En l’espèce, un légataire a obtenu la délivrance judiciaire d’un legs de somme d’argent. Il a ensuite fait délivrer aux héritiers un commandement de payer aux fins de saisie-vente sur le fondement de la décision de délivrance du legs. Les héritiers ont contesté la mesure devant le juge de l’exécution, puis devant la cour d’appel. N’ayant pas obtenu gain de cause, ils se sont pourvus en cassation au motif que la délivrance de legs se distinguait du paiement de celui-ci et que, ce faisant, la décision ayant ordonné la délivrance ne pouvait être assimilée à un titre exécutoire.

Dans son arrêt du 21 septembre 2022, la Cour de cassation confirme cette analyse et casse l’arrêt d’appel.
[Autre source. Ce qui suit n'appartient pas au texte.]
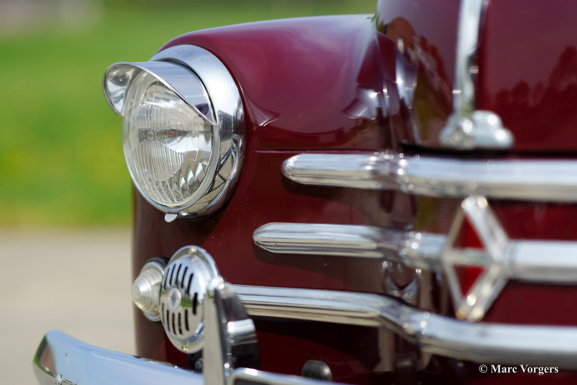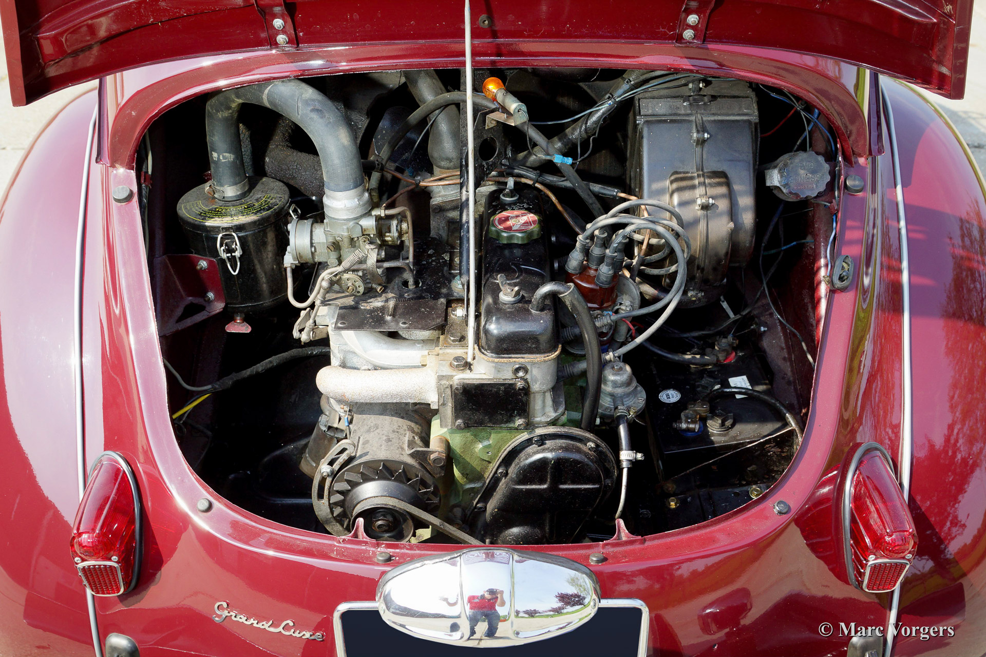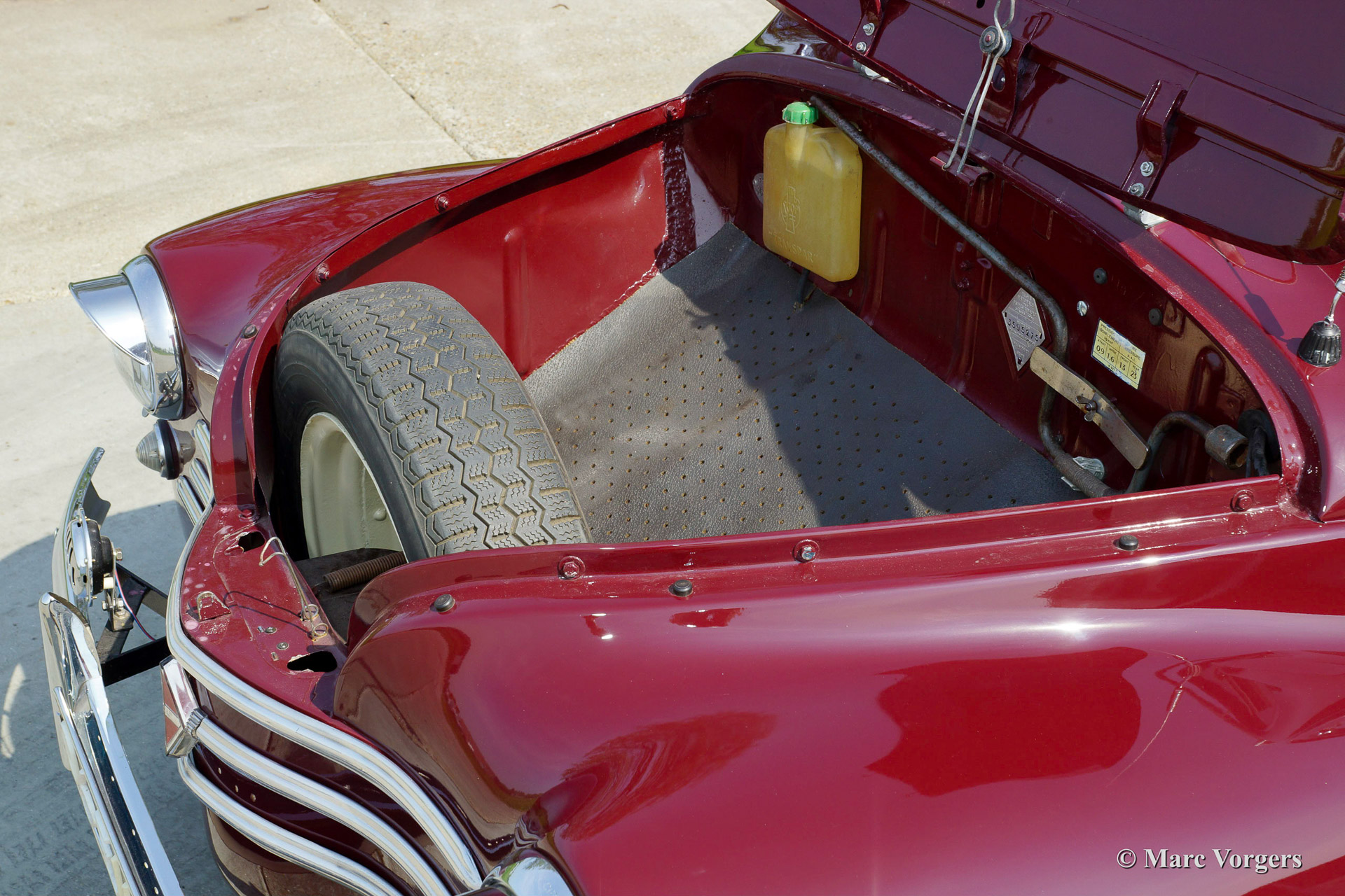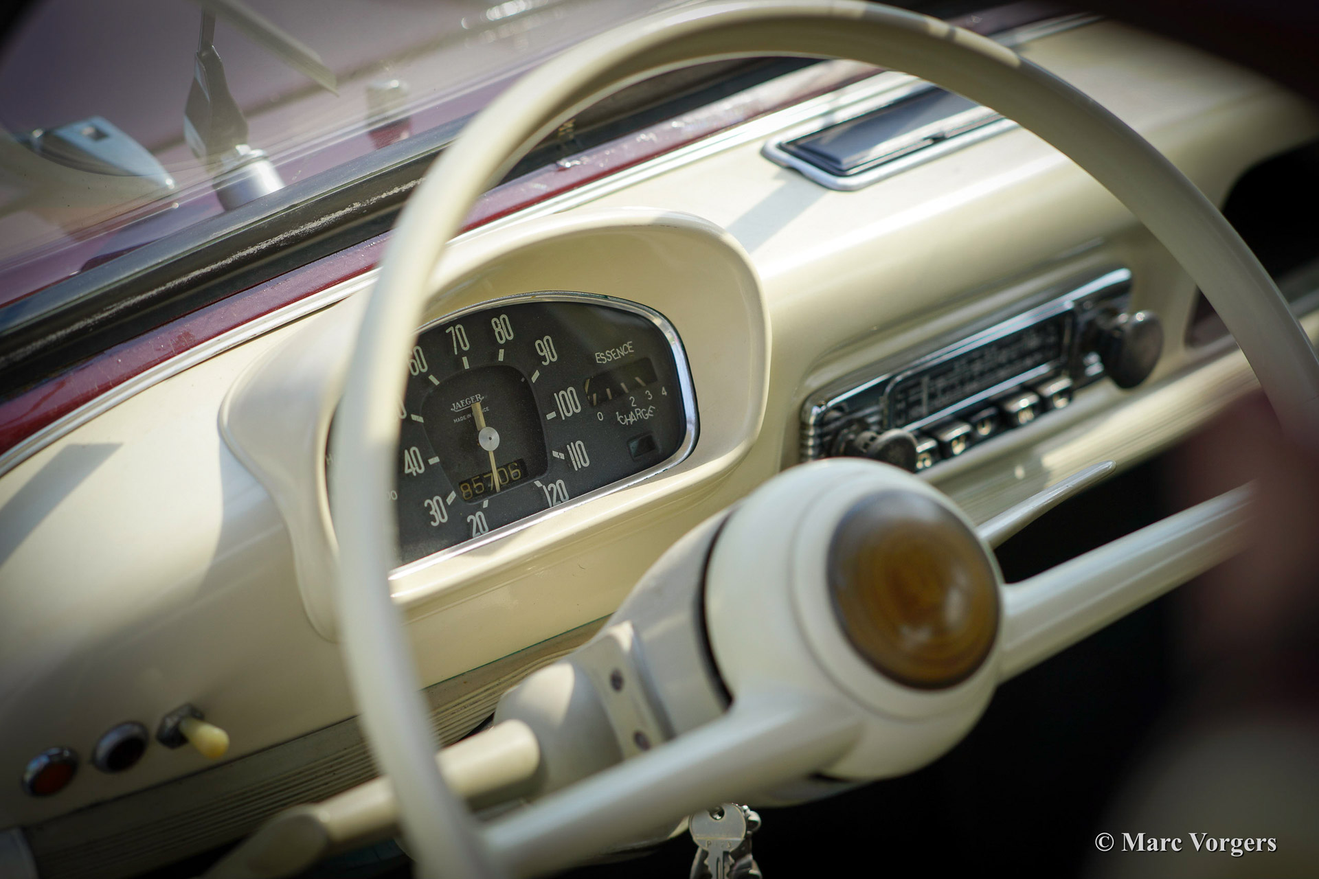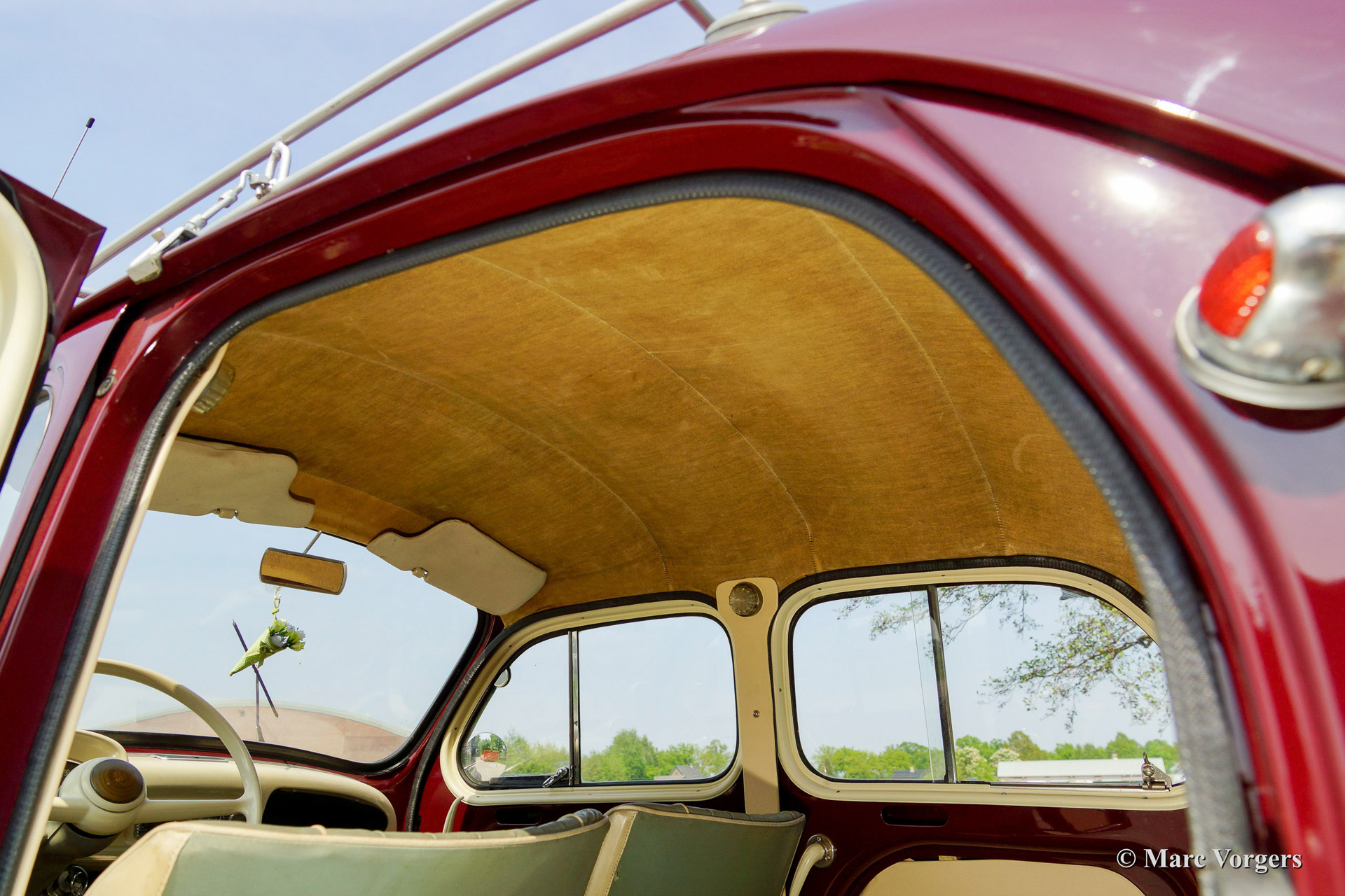 Renault 4 CV, bouwjaar 1958. Kleur Bordeaux rood met een grijs/crème vinyl interieur. Deze prachtige Renault 4 CV werd uitvoerig gerestaureerd met oog voor originaliteit; alle originele dalen werden behouden en gerestaureerd/gerepareerd. Deze Renault is uitgerust met een fraai afneembaar imperiaal en een mooie klassieke radio!

Pour cela, elle rappelle que « le créancier muni d’un titre exécutoire constatant une créance liquide et exigible peut en poursuivre l’exécution forcée sur les biens de son débiteur dans les conditions propres à chaque mesure d’exécution ». Or, « la délivrance d’un legs particulier a pour seul objet la reconnaissance des droits du légataire, permettant l’entrée en possession de l’objet du legs et l’acquisition des fruits, et se distingue du paiement du legs ». En conséquence, la « décision accueillant une demande de délivrance d’un legs de somme d’argent ne constitue pas un titre exécutoire autorisant le légataire à procéder à des mesures d’exécution forcée ».

Si la distinction entre délivrance et paiement du legs peut apparaitre largement théorique, elle a des conséquences pratique indéniables, notamment pour ce qui concerne la mise en place de mesures d’exécution forcée. Il est donc nécessaire de s’assurer d’avoir requis en justice le paiement du legs litigieux dont la délivrance a préalablement été obtenue afin de pouvoir ensuite en obtenir l’exécution forcée.